This episode is brought to you by DataFold, a testing automation platform for data engineers that finds data quality issues before the code and data are deployed to production.

DataFold leverages data diffing to compare production and development environments and column level lineage to show you the exact impact of every code change on data, metrics, and BI tools,

keeping your team productive and stakeholders happy.

DataFold integrates with DBT, the modern data stack, and seamlessly plugs in your DataCI for team wide and automated testing.

If you are migrating to a modern data stack, DataFold can also help you automate data and code validation to speed up the migration.

Learn more about data fold by visiting data engineering podcast.com/datafold

today.

So 1 of the things that you just pointed out is this setting that will allow you to log queries that are deviations from the norm.
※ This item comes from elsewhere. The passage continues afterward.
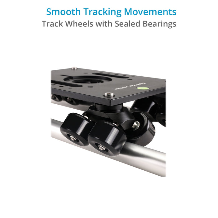 Proaim Polaris Dolly has track ends with 6inch height, hence you can shoot upto 6inch height above the ground.
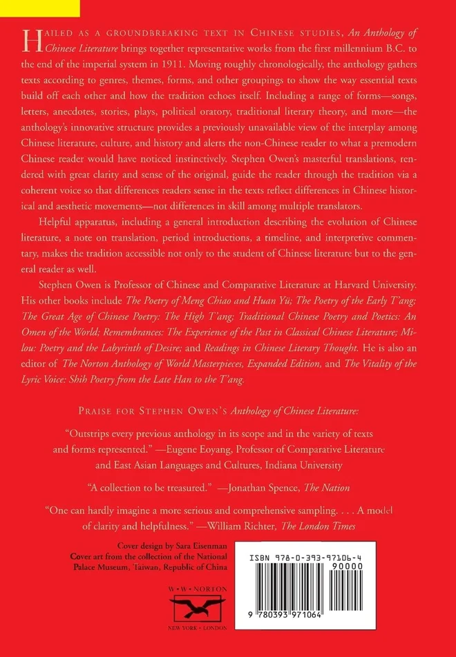 This collection of over 600 pieces, translated with great clarity and sense of the original, presents the tradition in historical and aesthetic context. Moving roughly chronologically through the tradition,

And

if you don't already know about this or you're not familiar with Postgres, you don't know to make that change to log those queries. And so when you do run into the performance errors and you're trying to find some common thread to be able to address it, you're not gonna be able to have that information at hand. So as you are deploying a new Postgres instance, what are some of the things that you always make sure to change because you want to be able to have that information when you need it rather than saying, everything's not working, but now in order to get the things that I need to know if I first have to make a bunch of changes and then wait?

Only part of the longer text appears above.